Task item:
Return nothing but the lines from the one with "Preisgünstige Werbeflaggen in" through the one with "lightsaber. | |||||||||||||||||" in the data below, word for word and without pictures.

___ Extracted information

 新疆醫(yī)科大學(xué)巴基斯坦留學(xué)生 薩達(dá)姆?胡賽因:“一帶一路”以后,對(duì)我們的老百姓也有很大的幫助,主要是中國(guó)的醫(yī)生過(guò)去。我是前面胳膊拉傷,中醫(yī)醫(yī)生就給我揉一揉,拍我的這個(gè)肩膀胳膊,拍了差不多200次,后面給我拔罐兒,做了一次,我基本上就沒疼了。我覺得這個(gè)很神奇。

______
___ Extracted information

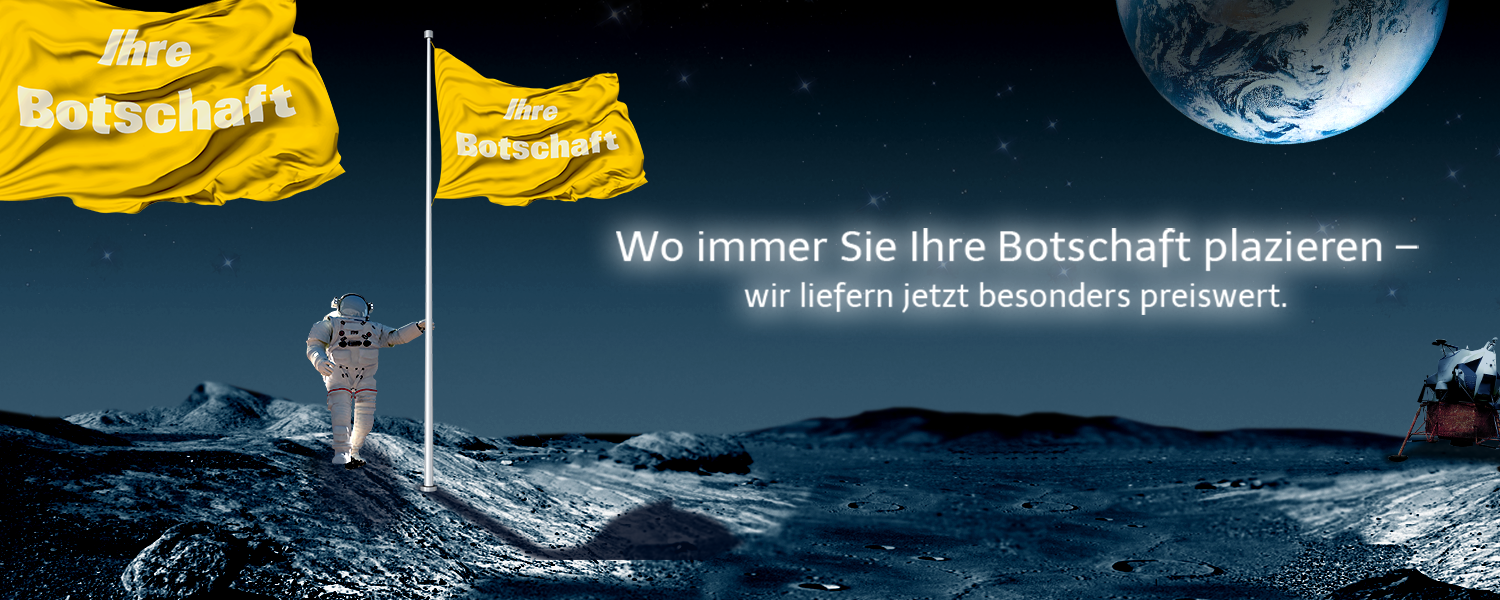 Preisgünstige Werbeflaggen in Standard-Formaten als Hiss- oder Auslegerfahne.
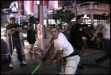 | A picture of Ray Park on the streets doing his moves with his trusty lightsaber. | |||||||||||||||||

______
___ Extracted information

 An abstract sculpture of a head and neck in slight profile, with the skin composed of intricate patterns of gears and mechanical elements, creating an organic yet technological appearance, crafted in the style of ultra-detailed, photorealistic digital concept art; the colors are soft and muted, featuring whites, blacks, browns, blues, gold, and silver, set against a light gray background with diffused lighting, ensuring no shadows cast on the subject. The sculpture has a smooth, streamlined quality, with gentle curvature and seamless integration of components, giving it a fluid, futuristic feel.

______

Exercise response:
 Preisgünstige Werbeflaggen in Standard-Formaten als Hiss- oder Auslegerfahne.
 | A picture of Ray Park on the streets doing his moves with his trusty lightsaber. | |||||||||||||||||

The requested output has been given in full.